Compared with the previous stratified analysis, the intra-group heterogeneity of the HCC design in the study design group analysis was reduced (I2 = 40.9%, p for heterogeneity = 0.118), which was no longer statistically significant. It can be concluded from the table that the subgroup with an HCC design showed a positive correlation between the use of well water and PD (OR 1.31, 95% CI: 1.04–1.65, I2 = 40.9%, p for heterogeneity = 0.118) whereas studies with a PCC design showed no link between them (OR 0.96, 95% CI: 0.73–1.26,I2= 41.1%, p for heterogeneity = 0.165). The results of subgroups based on geographic area showed that studies from North America generally did not find that the use of well water is related to PD (OR 0.97, 95% CI: 0.76–1.24, I2 = 41.2%, p for heterogeneity = 0.164) whereas Asian studies reported that these are positively related (OR 1.29, 95% CI: 1.05–1.58, I2 = 0.0%, p for heterogeneity = 0.460). The results of European studies were unreliable owing to the high degree of heterogeneity.

As controls in HCC-design studies were more likely to go to a hospital, HCC-design studies can be more biased than PCC-design studies, which may lead to different conclusions. When it comes to subgroup analysis by geographic area, although we consider that an association between well-water exposure and PD risk cannot be established, we assume that the association between well-water use and PD cannot be ruled out in a specific, small geographic area.

Publication Bias and Certainty of Evidence

The Begg’s funnel plot did not show any asymmetry (Figure 4), indicating that no evidence of publication bias was detected. Additionally, the Egger’s test suggested that there was no publication bias (p for Egger’s test = 0.458). The GRADE method was used to evaluate the evidence. Though the included studies were all case–control studies and did not meet the requirements of increasing the evidence, we believe that the level of evidence is high, since the interest here is not a factor particularly susceptible to recall bias.

Figure 4

Funnel plot analysis to detect publication bias.

Discussion

Our research shows that, in general, it cannot be considered that there is an association between well-water exposure and PD risk. However, in the subgroup analysis according to a specific experimental design (such as HCC) or a specific location (such as Asia), certain conclusions about this association can be drawn.

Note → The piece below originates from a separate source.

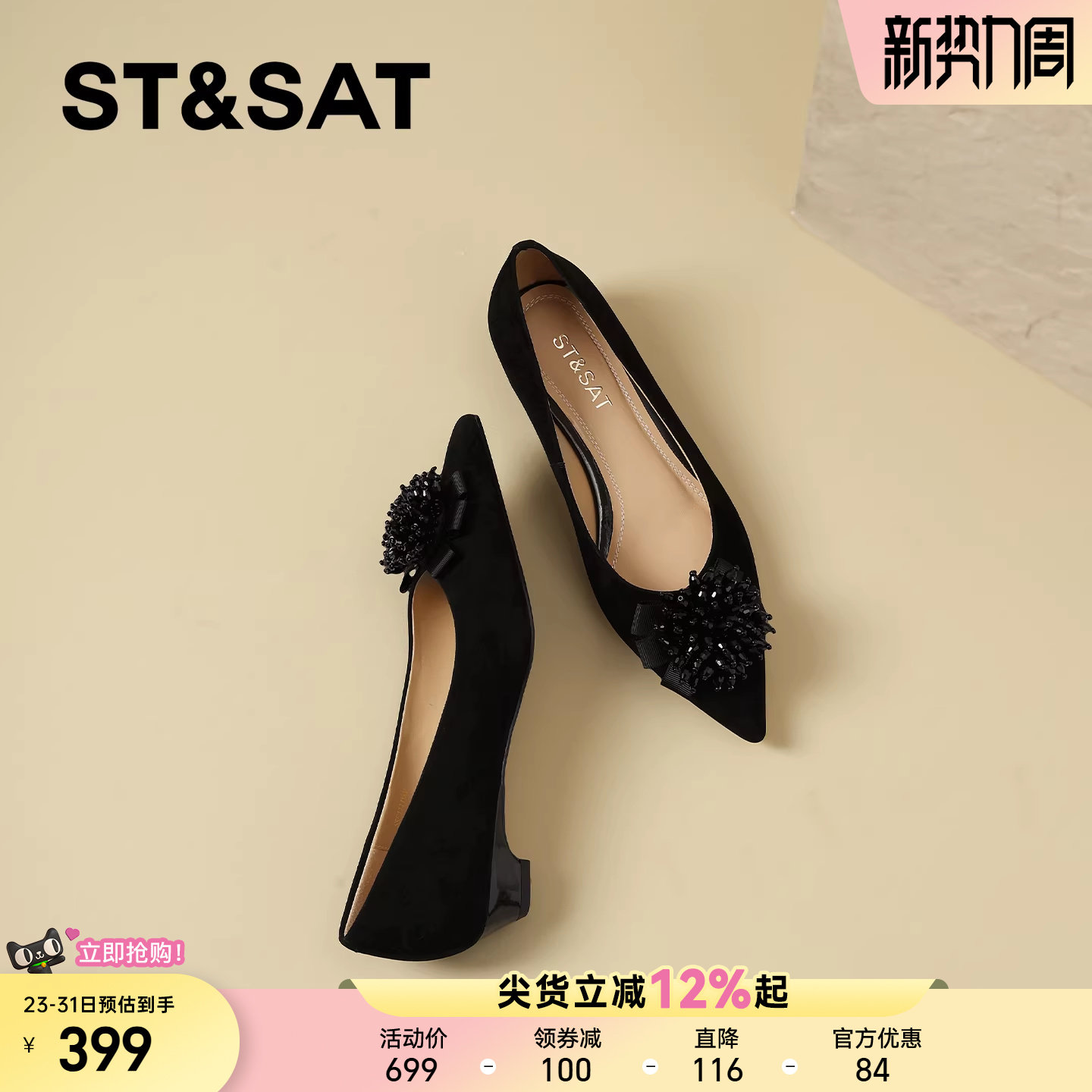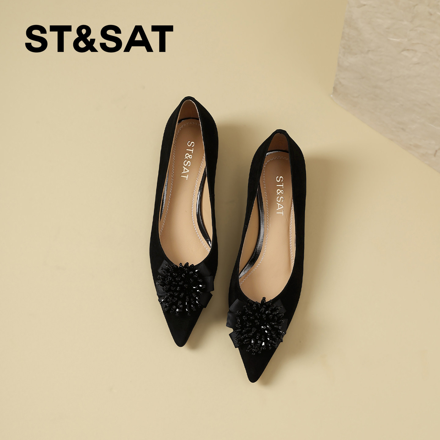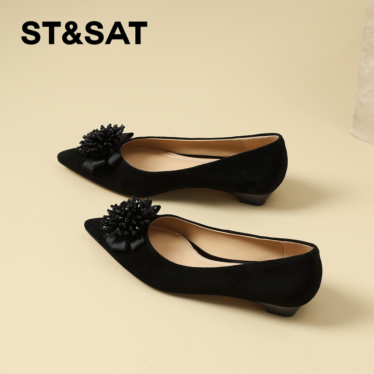 星期六优雅真皮尖头浅口单鞋女2026春季新款水晶花饰低跟通勤鞋

When studies with a narrower definition of exposure were included in the analysis, we found one study reporting that people with a history of drinking well water for more than 5 years were more likely to develop PD,11 and another study found that people who drank well water for their first 20 years of life were more likely to develop PD,33 These findings suggest that the standards selected for positive exposure may affect the final conclusions. However, a high-quality study with a PCC design claimed that drinking well water during the first 15 years of life is unrelated to the prevalence of PD,34 this conclusion contradicts previous studies, highlighting the need for further research.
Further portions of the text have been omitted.